Math Autobiography

My experience with mathematics in elementary school was what Schoenfeld defines as very traditional in its approaches. I attended Bonne Bay Academy, a small rural school with a population of approximately 80 students. Many, if not all of the classes were multi-grade. The responsibilities of teachers were vast- they were responsible for teaching numerous courses, often outside discipline areas. Mathematics class was no exception to the multi-grade classroom. This meant that a 50 minute period often resulted in only 20 minutes of instructional time allotted to each grade.

My teachers were firm believers in “drill & practice” methodologies. Student success was measured by how well students could reiterate concepts in the form of worksheets, assigned/homework problems and the end of year assessment- most common being the CRT’s administered at the end of grade 3, 6 and 9. Teachers believed a measure of their ability to deliver the curriculum was based on our performance on such assessment. Teachers were of the mindset that if the students did well, the teachers did a good job delivering the curriculum, however if the students did poorly it was because of their students’ lack of interest or ambition to do well.

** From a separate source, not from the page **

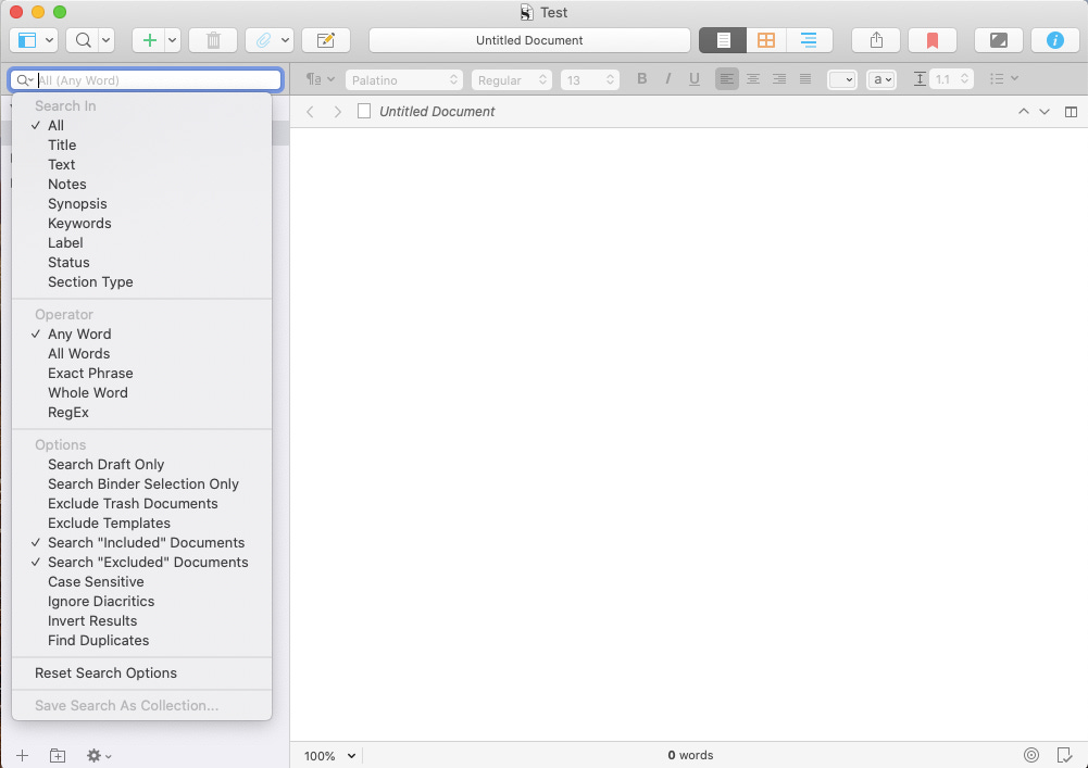 Scrivener-specific search tips

Although the classroom walls were covered with displays of student work, none of these displays were math based. There were colourful depictions of proper construction of sentences, grammar rules, and the like, but none pertaining to mathematics. As a teacher, I encourage the display of work from all discipline areas, including math. At the beginning of each unit I encourage students to display information pertaining to the subject matter to be covered in that section, as well as any questions they may have pertaining to that particular unit (as we progress through the unit students are then able to answer the questions). This may range from influential persons in mathematics, to rhymes to help remember formulas, to the display of mathematical rules.

Many of my teachers in primary/elementary school were seasoned teachers. They had been in the profession for more than 20 years, and most were nearing retirement age. They were set in their ways of teaching, and viewed new approaches with poor attitudes and viewed them as being too time consuming. They spent a small fraction of instructional time outlining important concepts, with the remainder of the class spent working independently on assigned problems. Very rarely were we permitted to work in groups, and strongly encouraged from “thinking outside the box”. A portion of each class was spent reviewing the previous night’s homework, where the teacher would call out the correct answer, and only when a student asked, would he review the procedure used to obtain the correct answer. When asked why a procedure was the way it was, the teacher would respond with something like “because I said so”.

This attitude towards math changed in grade 5 when a new teacher was assigned to our school. He was young, and taught math using new and varying approaches. The manipulatives, which up to this point were on the shelf collecting dust, were taken down, and math became fun. Finally, someone to share my enthusiasm! This teacher has greatly influenced my teaching of mathematics. Whenever I find myself using traditional methods of teaching, I reflect back on my learning experiences, and what learning math meant to me. I try to use various methods of teaching rather than the expected norm of demonstration on the board, followed by assignment of exercises from the textbook. (It should be noted that all my math teachers from grade 3 to level III were male. This is much different from the trend we see today, with the majority of math/science teachers being female)

My best memory of math comes from the 5th or 6th grade. As previously stated, I had a math teacher who was young and vibrant. I remember the feeling of being able to deduce for myself some of the major concepts in the units rather than simply being told this is what you need to know and this is how to apply it. Some of my worst memories of math come from my earlier experiences in math class, where the teacher simply stated the objective, demonstrated at the blackboard the appropriate “steps” in solving the problem and then assigning a large quantity of questions. If questions were not completed during class time the remainder were to be completed for homework. This was mentally draining because each problem was the same as the last, with the exception of the numbers involved. Another memory that stands out is that of the feeling of anxiety when called to the front of the class to demonstrate an answer. There was always the fear of being wrong and being ridiculed by the other students in my class or looked down upon by the teacher for not knowing the concepts which he had previously “taught”.

Report cards and teacher comments indicated I was good at math. It was an area in which I excelled, and one which was of interest. In high school, I was enrolled in advanced math and calculus courses, and did quite well in all. Reflecting back, I believe I was good at math for the simple reason that I had the ability to reproduce what the teacher wanted. I never once asked why or how a particular theorem was derived, I simply developed the skills necessary to know when and how to apply it when the time came. For this, some may disagree and say I was not good at math rather I was good at providing the teacher with the answer he/she wanted.
As part of my undergraduate degree, I completed 9 courses in mathematics. These ranged from Calculus, to linear algebra, to statistics, Euclidian geometry, and numerous others.

I think the learning and understanding of mathematics is a very integral part of the curriculum in schools. Basic math operations are applicable and required to excel in many other parts of the curriculum. No matter how well you understand the concepts taught in physics, chemistry, and other sciences in order to be successful you need basic math skills. As well, without the basic concepts developed at a young age, and the continual expansion on such concepts, many everyday tasks such as the calculation of interest rates, or the measuring of materials for carpentry become difficult.